What is the critical initiating event for development of Alz?

Answer 8

Beta-amyloid generation

Question 9

What genetic locus (and on which chromosome) has high risk of developing Alz?

Answer 9

Apolipoprotein E (ApoE) on chromosome 19

Question 10

What are the two types of plaques in Alz?

Answer 10

• Neuritic plaques

- Diffuse plaques

Question 11

What is a neuritic plaque in Alz?

Where do you see them?

How do you stain for them?

Answer 11

Focal, spherical collections of dilated tortuous neuritis processes around amyloid core

Seen in hippo, amygdala, neocortex

Amyloid core stains with congo red stain

Question 12

What are diffuse plaques in Alz?

Where do you see them?

Answer 12

No amyloid core

Seen in superficial cortex, basal ganglia, cerebellar cortex

Question 13

What is the correlation between Downs syndrome and Alz?

Answer 13

Often times people with Downs have early-onset Alz

- Gene that encodes APP is in chromosome 21, people with Downs have extra chromosome 21

Question 14

What are neurofibrillary tangles? What stain can you use?

What is tau?

Answer 14

Bundles of filaments in cytoplasm of neurons that displace or encircle nucleus; can use Bielschowsky stain (silver stain)

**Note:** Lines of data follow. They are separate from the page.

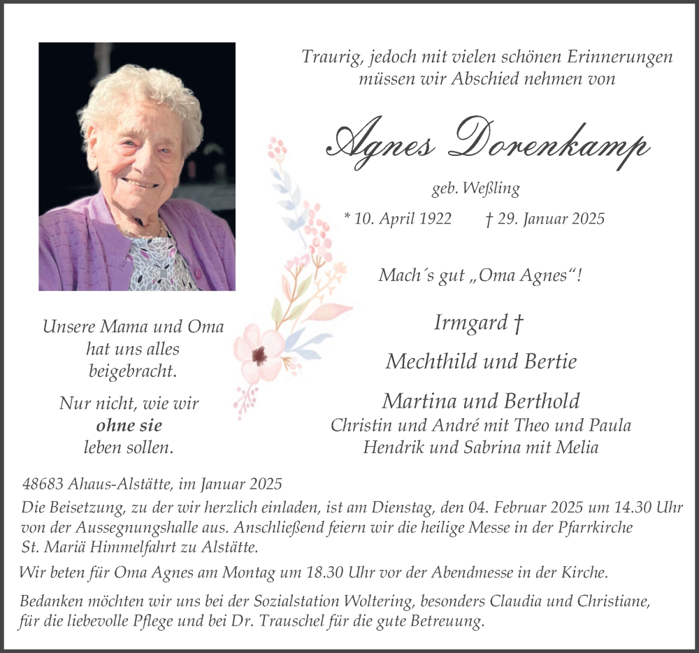 Hier finden Sie alle Traueranzeigen aus der Zeitung, die bisher für Agnes Dorenkamp erschienen sind. Weitere Traueranzeigen, die in der Zeitung erscheinen, werden hier ebenfalls aufgelistet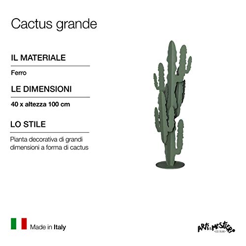 Arti & Mestieri Cactus - Pianta Decorativa di Design 100% Made in Italy - in Ferro, 40 x 100 cm - Verde Salvia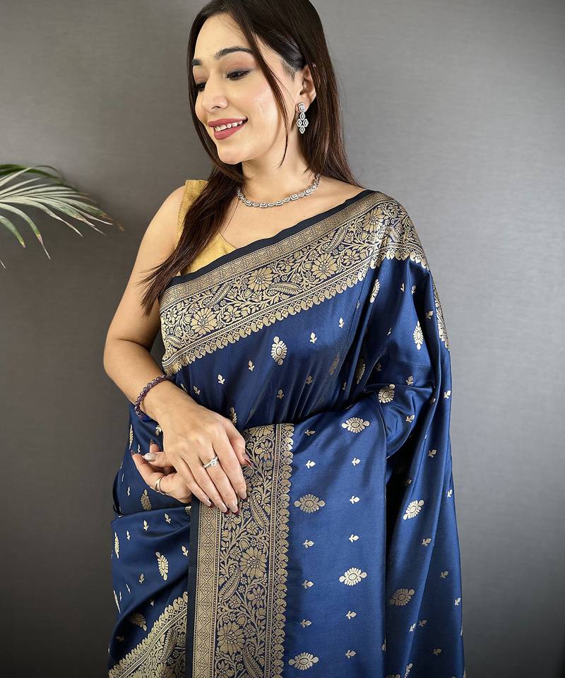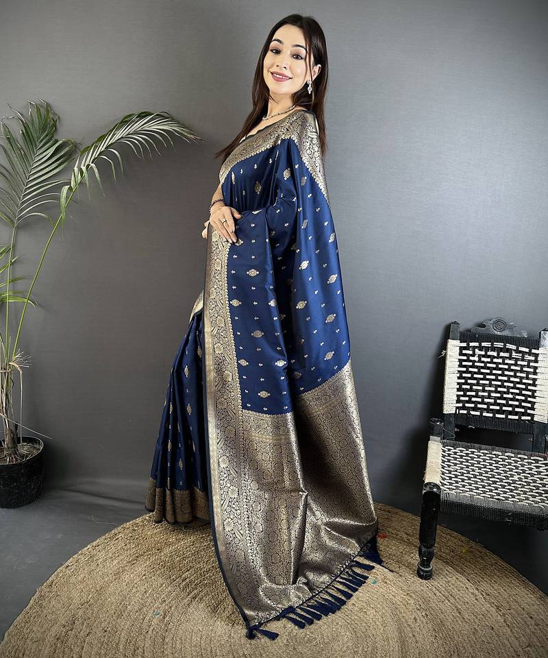 Navy blue lichi silk blend zari weaving motif banarasi saree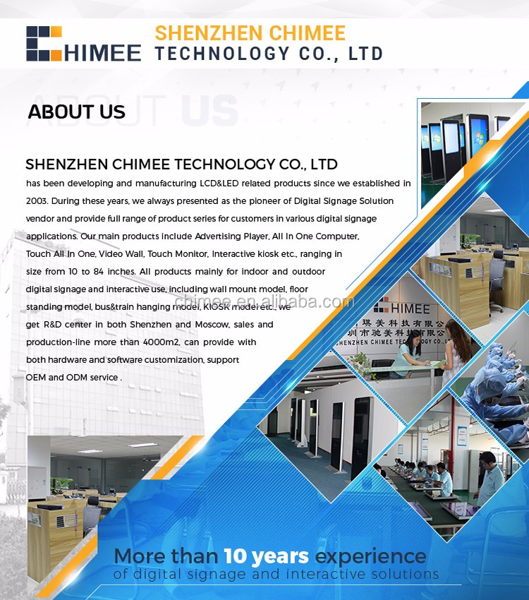 Shenzhen Chimee Technology Co., Ltd. has been developing and manufacturing LCD&LED related products since we established in 2003.During these years.we always presented as the pioneer of Digital Signage Solution vendor and provide full range of product series for customers In various digital signage applications.Our main products include Advertising Player.All In One Computer. Touch All In One,Video Wall,Touch Monitor.Interactive kiosk etc.,ranging in size from 10 to 84 inches.All products mainly for indoor and outdoor digital signage and interactive use.including wall mount model.floor standing model,bus&train hanging model.Kiosk model etc..we get R&D center in both Shenzhen and Moscow.sales and production-line more than 4000m2,can provide with both hardware and software customization.support OEM and ODM service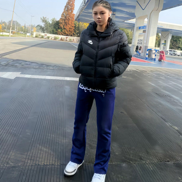 阿拉伯文刺绣设计感藏蓝微喇裤显瘦运动百搭休闲裤长裤卫裤男女潮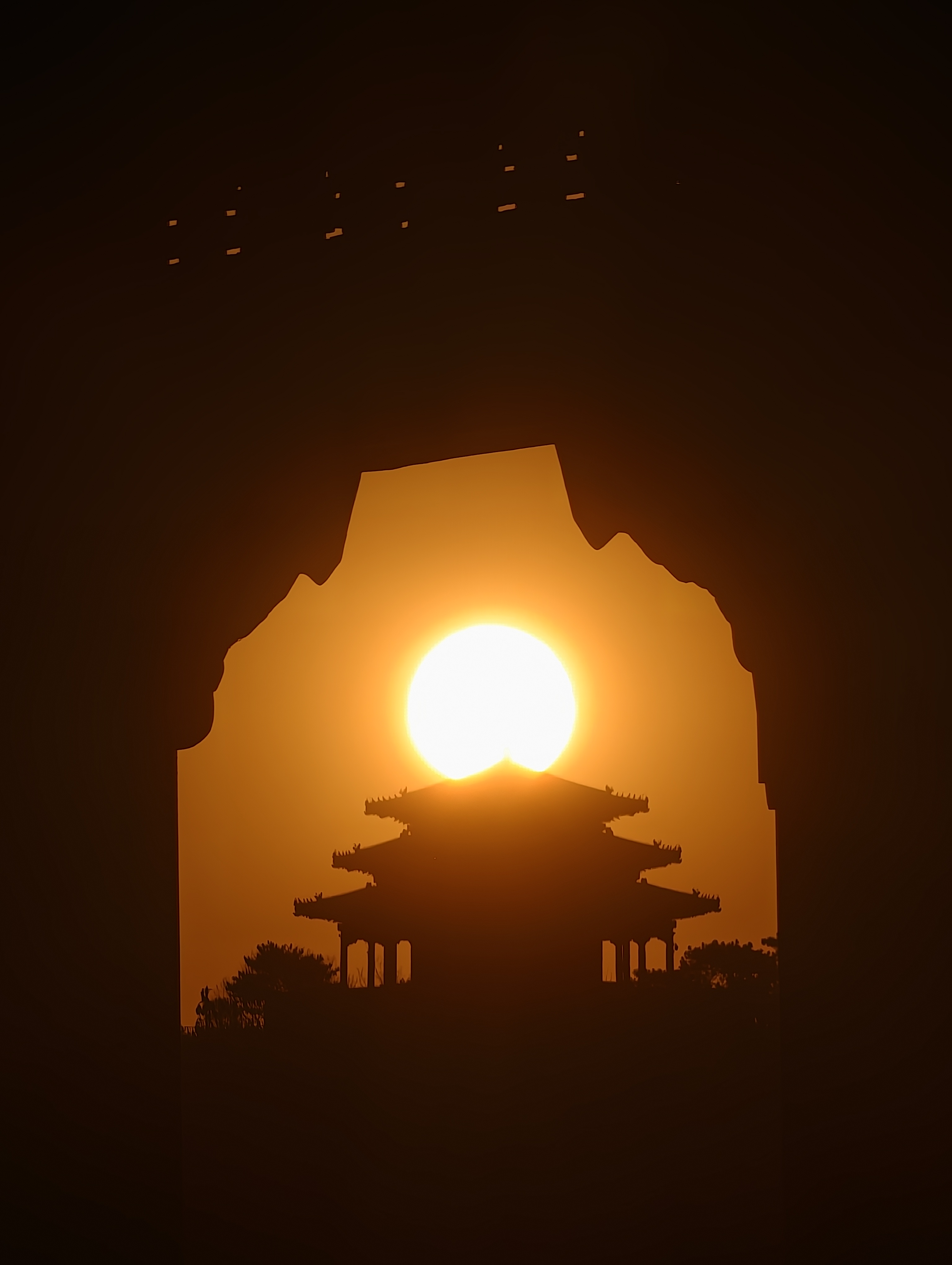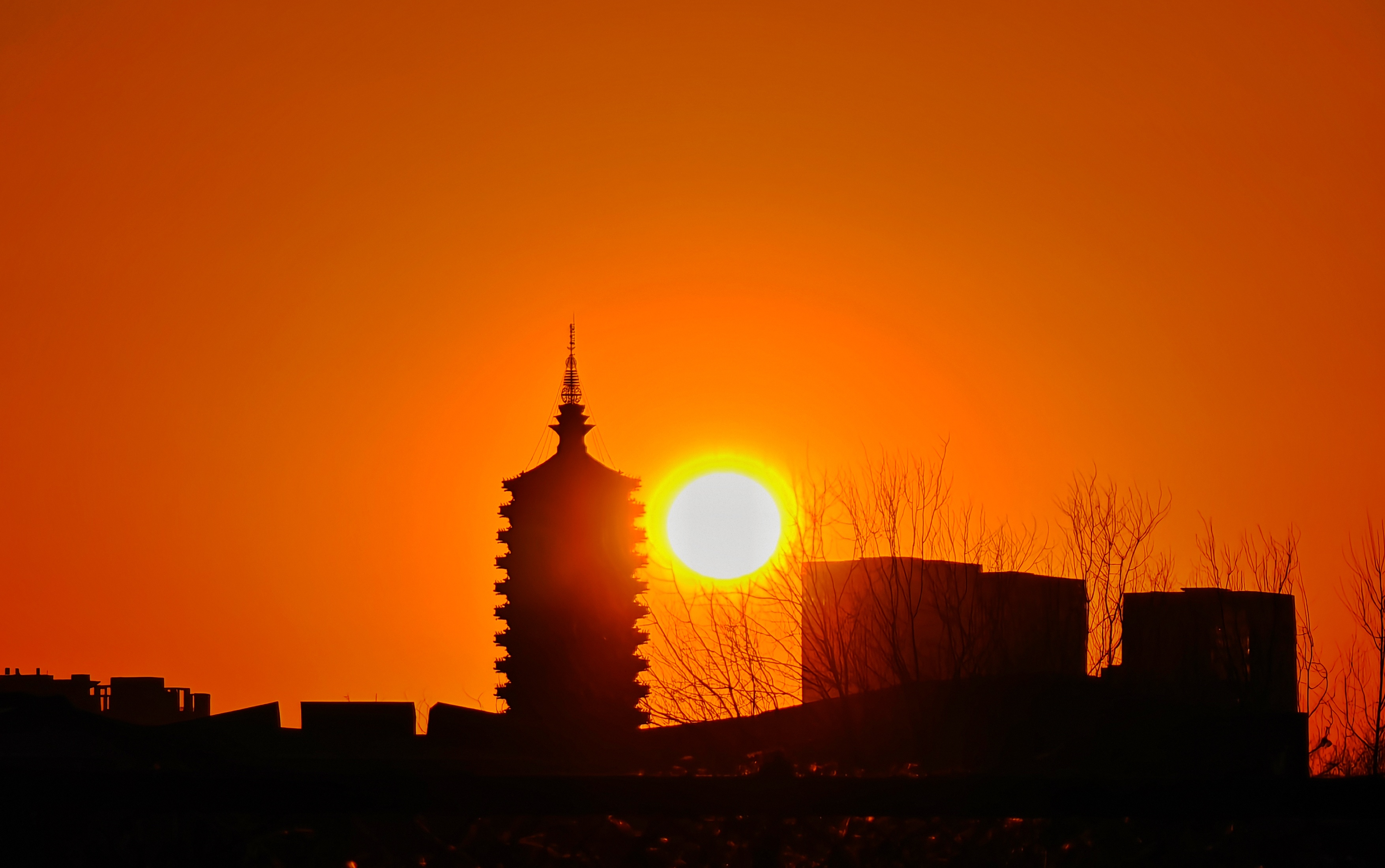 京寒欲至,苇间落日映古建。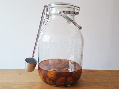 いつも梅シロップは4Lの瓶で漬け、砂糖が溶けたら梅の実を取り出してシロップはこの1Lの瓶に入れます。1Lの瓶は冷蔵庫に入るのでシロップの保存に最適です。梅仕事のものだけでなく、ピクルスを大量につける時にも使います。右側は7年ものの梅酒です。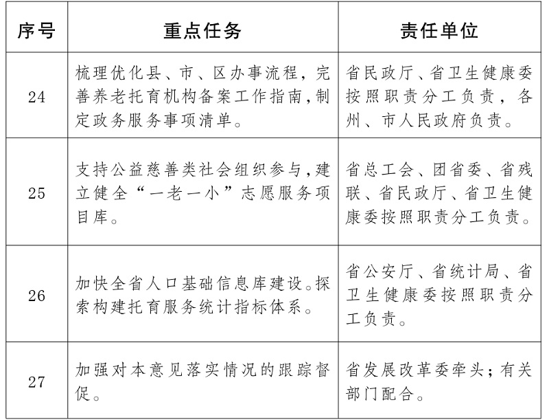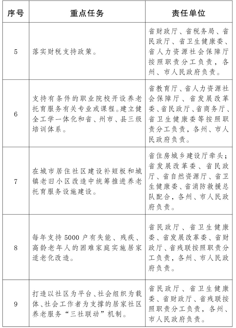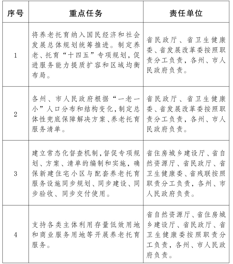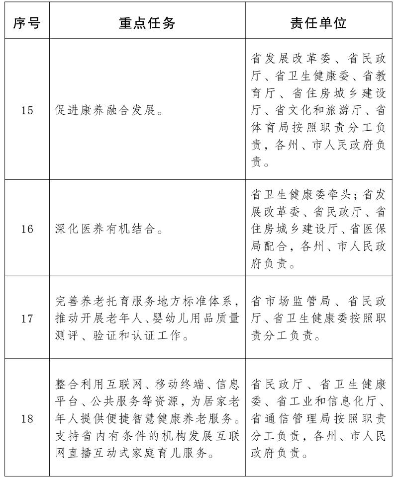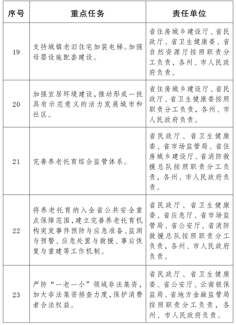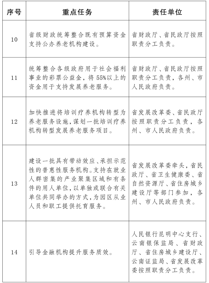 云南省养老托育服务健康发展重点任务及责任分工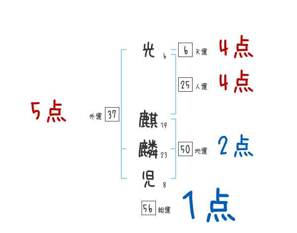 光麒麟児さんの画数の鑑定結果
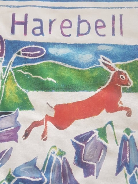 The image is part of the Proseprints, Flora and Fauna collection of original Lino prints and printed cards and celebrates the common names of well loved flowers that include an animal or an insect. A brightly coloured and playful image of a running brown hare amongst a meadow of harebell flowers and a perfect gift for nature lovers and cooks alike.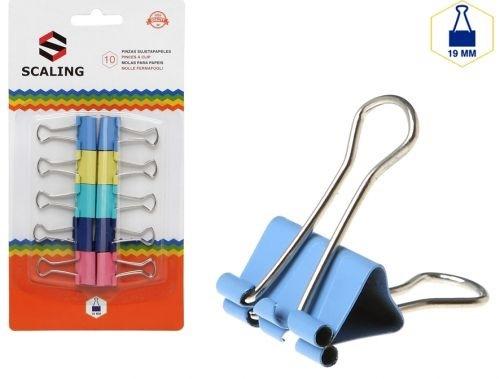 Zestaw klipsów metalowych rozmiar 19mm, 10 sztuk na blistrze, różne kolory.
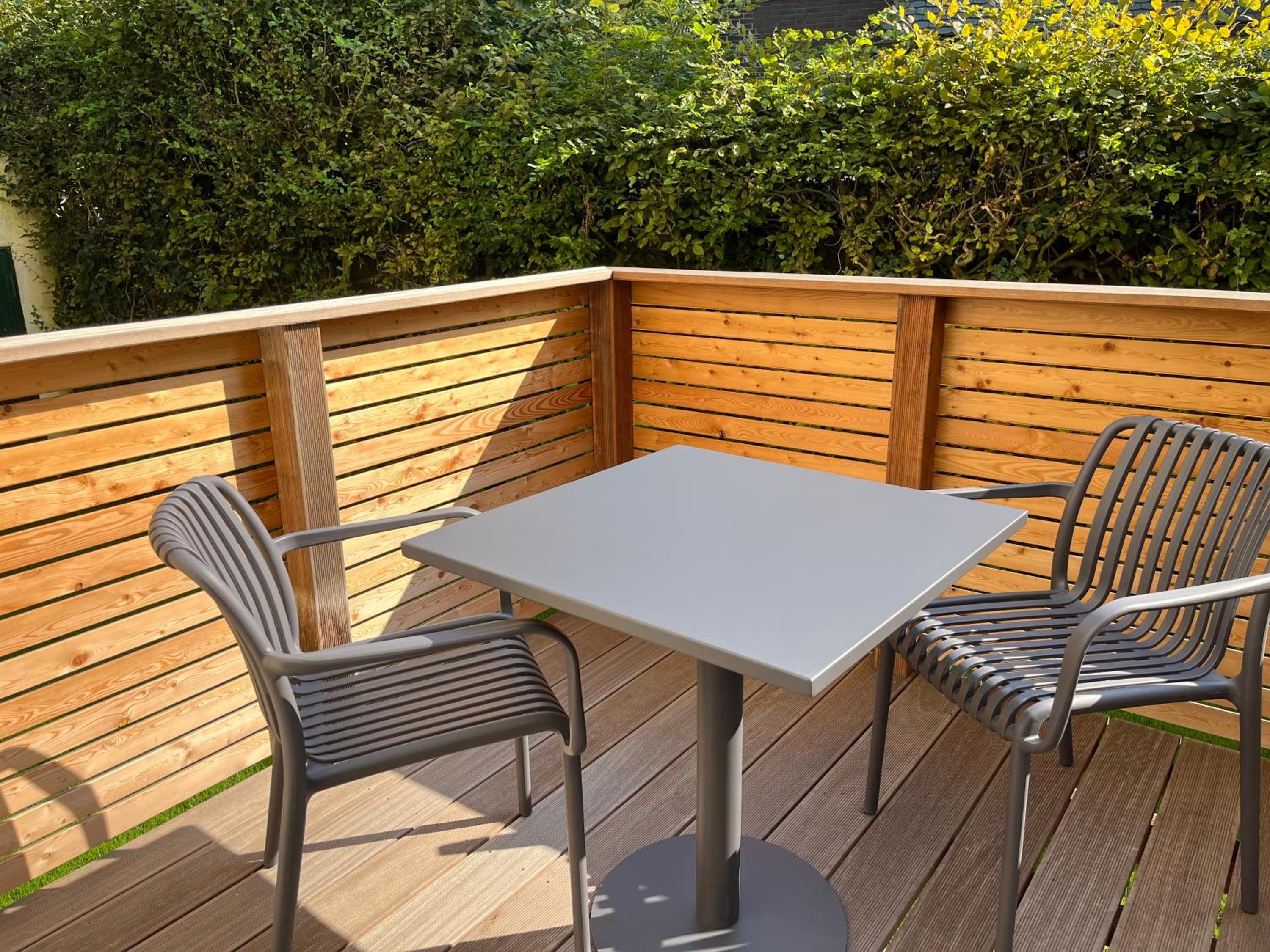 Guests can enjoy modern amenities including air conditioning, a fully equipped kitchen, and a private bathroom with a walk-in shower. The rooms also offer stunning garden views and a balcony for relaxation.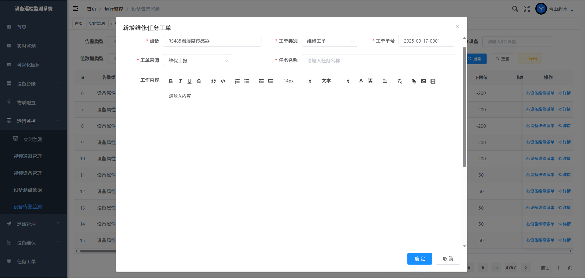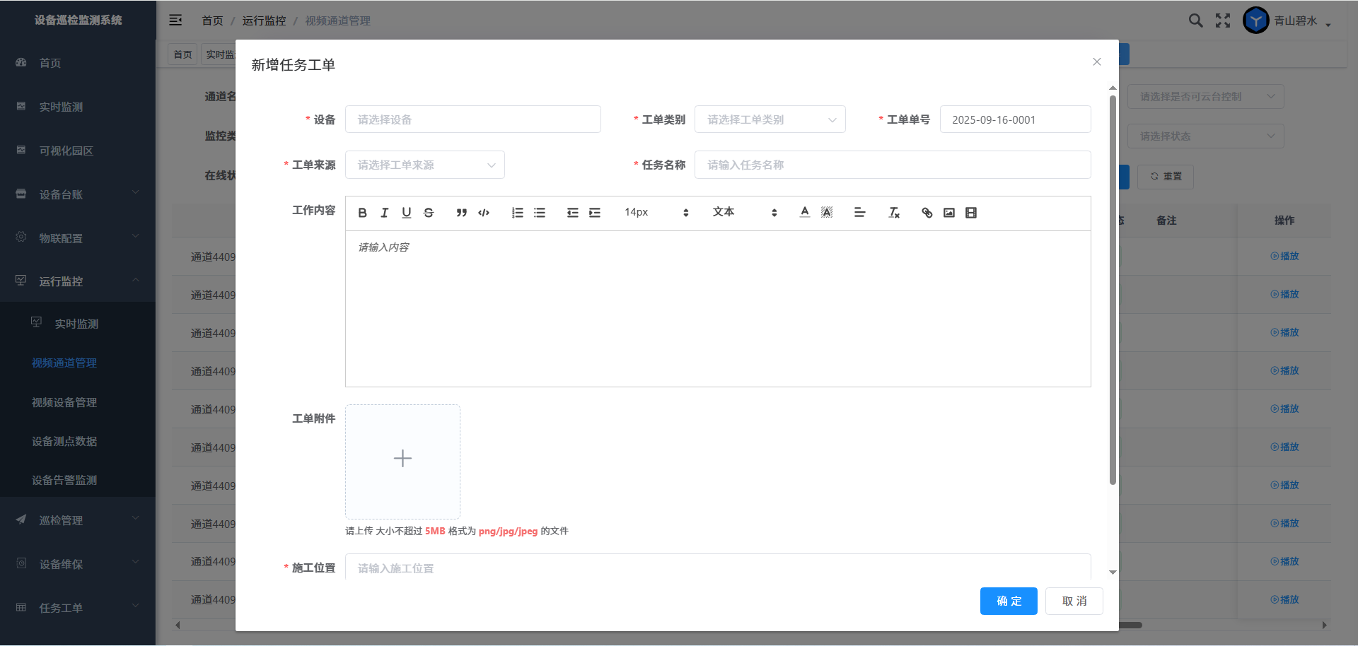 点击“在线巡检”按钮,则巡检任务派单界面,可以在线填写任务工单

Tau is an abnormally hyperphosphorylated axonal microtubule- associated protein that enhances microtubule assembly –> tangles
- MAP2 & ubiquitin

Question 15

Other than plaques and tangles, what are two things you see on histo with Alz?

Answer 15

• Granulovascular degeneration: Small clear intraneuronal cytoplasmic vacuoles which contain argyrophilic granules; normal finding w age but abundant in Alz w/i hippo & olfactory bulb
• Hirano bodies: Elongated glassy eosinophilic bodies; actin is major component

Question 16

What is a disorder that “invariably accompanies” Alz?

Answer 16

Cerebral amyloid angiopathy

Question 17

What are frontotemporal lobar degenerations (FTLDS)?

Answer 17

Heterogenous group of disorders w focal degeneration of frontal and/or temporal lobes

Question 18

What are 2 inclusions that can be seen in frontotemporal lobar degenerations?

Answer 18

• Tau inclusions (FTLD-tau): Includes Pick disease

- TDP-43 inclusions (FTLD-TDP)

Question 19

What is Pick disease (FTLD-TAU)

Answer 19

Rare, distinct, progressive dementia that has early onset behavioral changes e alterations in personality (frontal lobe sign) & language disturbances (temporal lobe sign)

Question 20

What part of the brain is affected by Pick disease? What are some characteristics of the brain? What are 2 specific things you’ll see on histo?

Answer 20

Asymmetric atrophy or the frontal and temporal lobes w sparing of the posterior 2/3 of the superior temporal gyrus (clear demarcation of affected brain)

• “Knife-edge” thin gyri
• Pick cells: Swollen cells
• Pick bodies: Cytoplasmic filamentous inclusions that are weakly basophilic & stain strongly w silver

Question 21

What are some sx of progressive supranuclear palsy? (FTLD-TAU)

Answer 21

• Progressive truncal rigidity w disequilibrium (freq falls)
• Difficulty w voluntary eye movements including vertical gaze palsy progressing to difficulty w all eye movements
• Nuchal dystonia
• Pseudobulbar palsy & abnormal speech
• Mild progressive dementia

Question 22

Typical prognosis for progressive supranuclear palsy?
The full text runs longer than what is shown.